Beaucoup de mamans passent par ici, parfois avec leurs jeunes de 17-18 ans. Elles-mêmes nous racontent qu’elles doivent migrer pour sauver la vie de leur fils, et des fois en laissant leurs plus petits [au pays d’origine]. C’est pour la simple raison que, quand ils approchent 17-18 ans, les Maras [le groupe criminel Maras Salvatruchas] commencent à venir les chercher pour les ajouter à leur groupe. Les mamans ne veulent généralement pas ça, et si les jeunes garçons n’accèdent pas à leurs demandes [celles des Maras], alors ils les tuent… Ou ils les blessent… Ils [les migrants] parlent aussi du manque de ressources, du manque d’argent, ou bien, souvent, il y a aussi les extorsions… De nos jours, il y a beaucoup de délinquance dans leur pays et ça fait qu’ils migrent. Valeria #33

4.2.2.1.3 Autres besoins: besoin d’accomplissement de soi et de réunification familiale

Les migrants centraméricains en migration de transit au Mexique peuvent aussi ressentir un besoin d’accomplissement de soi et un besoin de réunification familiale.
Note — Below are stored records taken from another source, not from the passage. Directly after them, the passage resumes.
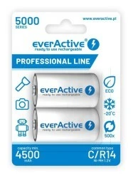 Idealne dla wymagających latarek, reflektorów, zabawek, przenośnych urządzeń multimedialnych. Pojemność akumulatorów everActive jest zbliżona do baterii alkalicznych, ale można je wielokrotnie ładować (nawet do 500x). Ponadto akumulatory dużo lepiej znoszą rozładowanie dużym prądem.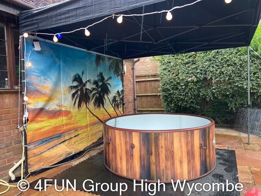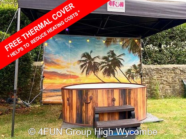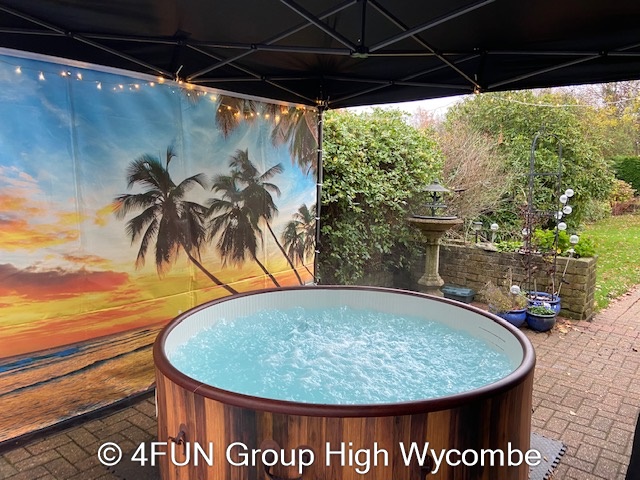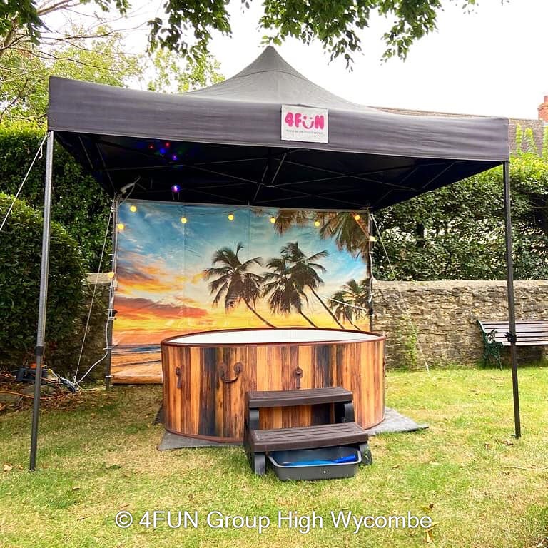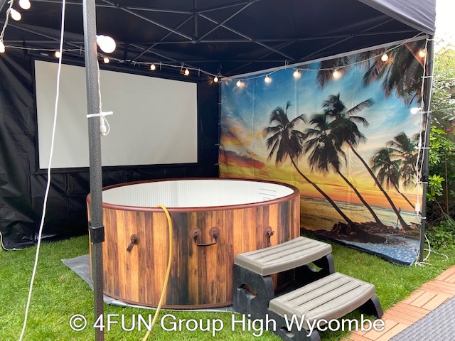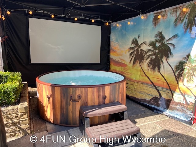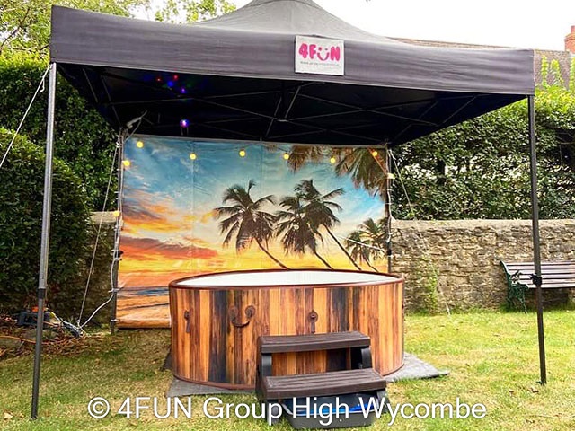 Tropical Beach Sunset Hot Tub and Gazebo Package for hire in Buckinghamshire, Berkshire, Middlesex, Oxfordshire.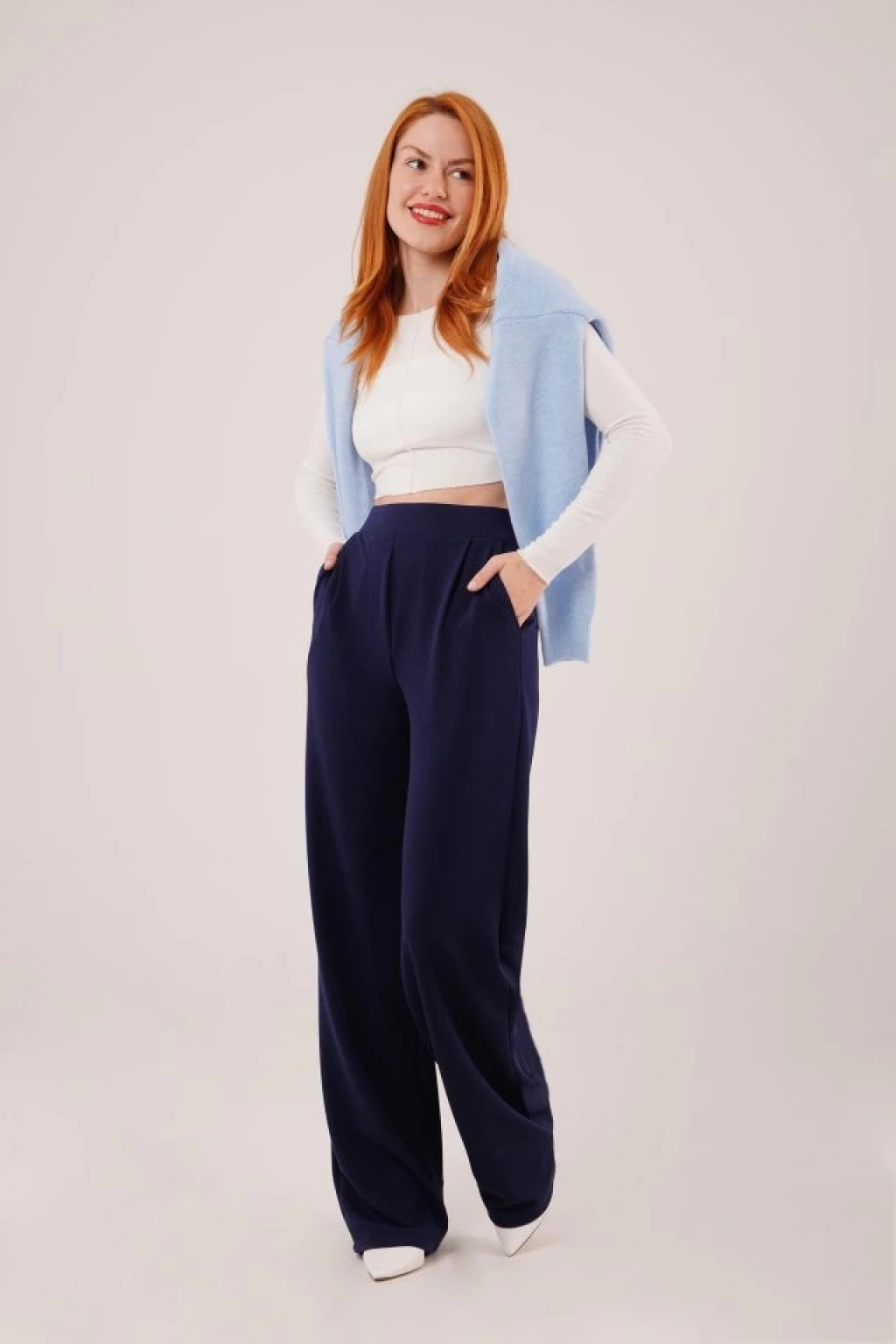 Yüksek Bel Bol Paça Krep Lacivert Pantolon
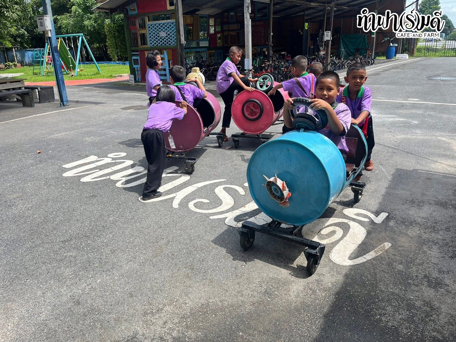 อยู่โรงเรียน หนูเรียนเยอะแล้ว โรงเรียนพาออกมาเที่ยวข้างนอก หนูก็อยากมาเที่ยวเล่นบ้าง ที่ทำฟาร์มดี จึงทำสถานที่ ให้เป็นสนามเด็กเล่นขนาดใหญ่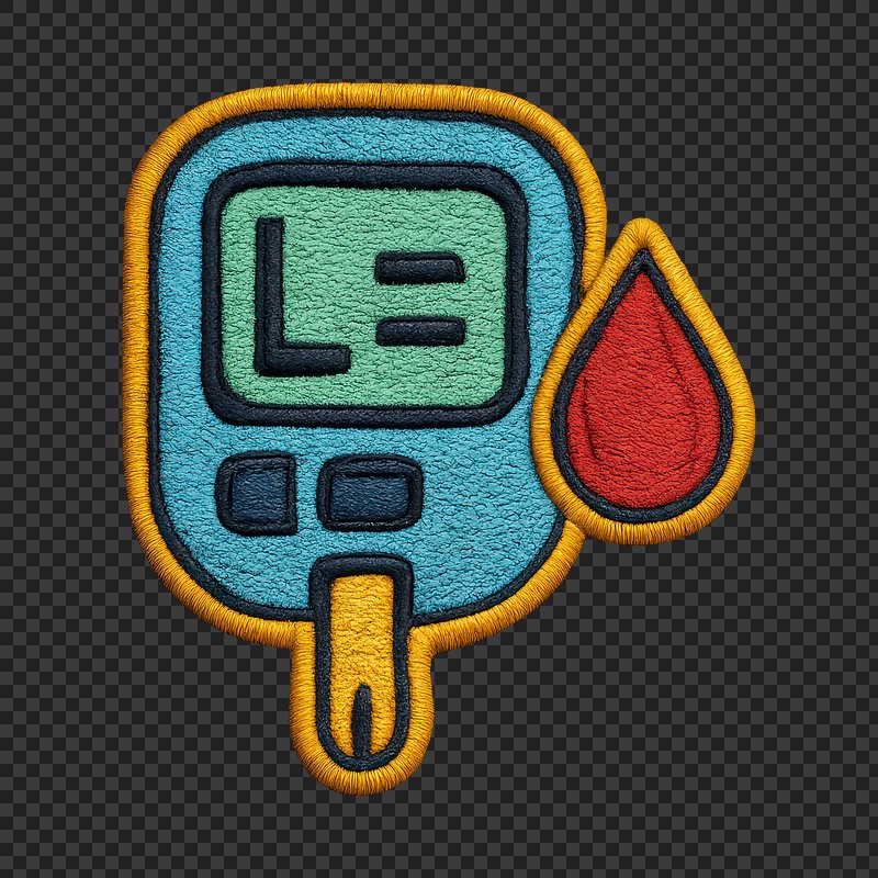 PNG Colorful embroidered glucose meter. https://www.rawpixel.com/image/21331060/png-colorful-embroidered-glucose-meterView license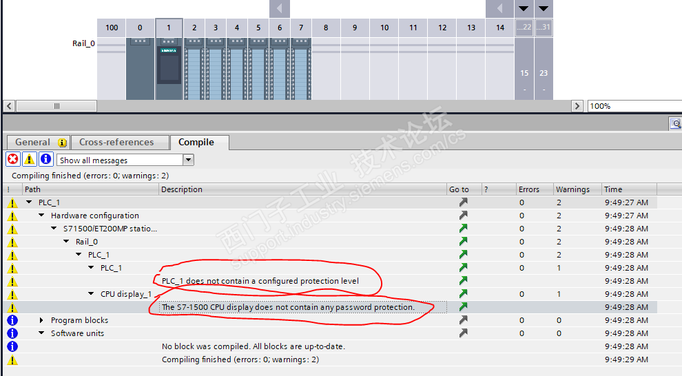 我的电脑系统为 Win10 企业版, TIA Protal V15.1 , PLC 为 S7-1511 -PN 订货号为 6ES7 511-1AK01-0AB0 ,固件版本 V2.6 , 我进行了硬件组态(没有设置保护),编译之后有2个警告 , 一个是配置没有设置保护,另一个是CPU 没有密码保护,参见附件。我想问一下,之前好像不配置保护,编译的时候没有警告,什么时候开始的没有保护,编译报警告 ?还是这个和PLC 的型号有关 ?还是其他。。。。。 多谢!!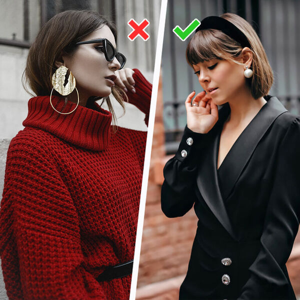 Як виправити: Відмовтеся від подовжених аксесуарів, у тому числі варіантів з підвісками. Ідеальним доповненням до водолазок та светрів з високим горлом стануть невеликі сережки-конго та «калачі», гвоздики, незвичайні клаймбери або масивні сережки-джекети. Будь-яку з цих моделей можна одягнути разом із стильним каффом, який додасть їм родзинку.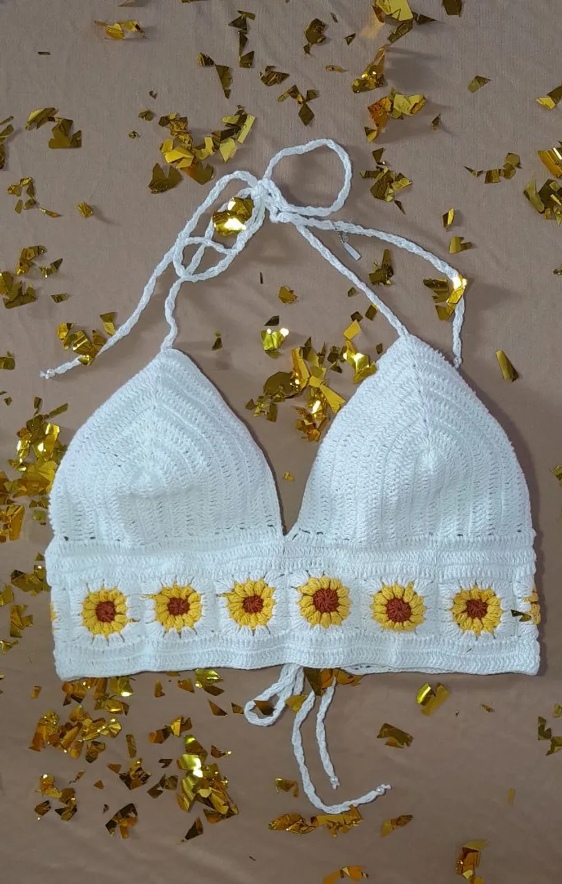 Lindo top de crochê, perfeito para um visual charmoso e estiloso. Feito com fio de alta qualidade e detalhes vibrantes, este top é a peça ideal para você se destacar.

Le besoin d’accomplissement de soi est associé au désir des migrants d’accéder au «rêve américain». Ce rêve, souvent associé par les participants à l’ascension sociale et à l’enrichissement personnel et familial, a été mentionné chez certains participants comme étant un besoin d’accomplissement de soi. Tel est le cas de Nico (I) et de Lucía (I), qui font référence aux besoins qu’ont les migrants de s’accomplir en tant que personne. Selon eux, les migrants ressentent le besoin de croitre personnellement et économiquement; ils entreprendraient donc la migration vers les États- Unis dans l’espoir de trouver un endroit qui pourrait leur permettre de répondre à ces désirs. Le cas de Matteo (M) démontre que des migrants quittent leur pays par désir de vivre le fameux «rêve américain»:

Oui, je voulais vivre le rêve américain, c’était ça. Je ne vais pas te dire qu’on m’a chassé. Je ne vais pas te mentir. Oui, je voulais aller au Nord, travailler pour mes enfants, lutter pour eux, mais

Lisa (I) fait référence à ce rêve américain en déplorant que plusieurs migrants migrent dans le but de vivre «au pays des merveilles», ce rêve de croissance économique et personnelle qu’elle considère complètement illusoire. Enfin, Julio (I) ajoute un aspect intéressant à cette nécessité de vivre le «rêve américain». Selon lui, certains migrants s’imposeraient une pression personnelle pour réaliser ce rêve, qui peut être perçu comme un exploit:

Une des principales motivations c’est le désir de sortir de la pauvreté extrême qu’ils vivent dans leur pays. C’est un des motifs, la pauvreté extrême. D’un autre côté, il y a des personnes qui veulent seulement partir pour vivre le rêve américain. Ils veulent juste aller là-bas et revenir, c’est comme une rivalité, le fait de pouvoir dire : «Moi, je peux», «Moi, oui, je me mets au défi», «Moi, j’y vais et je reviens». Julio #35

Des migrants centraméricains en migration de transit au Mexique ressentent aussi un besoin de réunification familiale. Ce besoin fut uniquement mentionné par Lisa (I). Elle mentionne que plusieurs jeunes migrants quittent leur pays d’origine pour rejoindre leur mère ou leur père, ou un autre membre de leur famille proche, déjà établis aux États-Unis.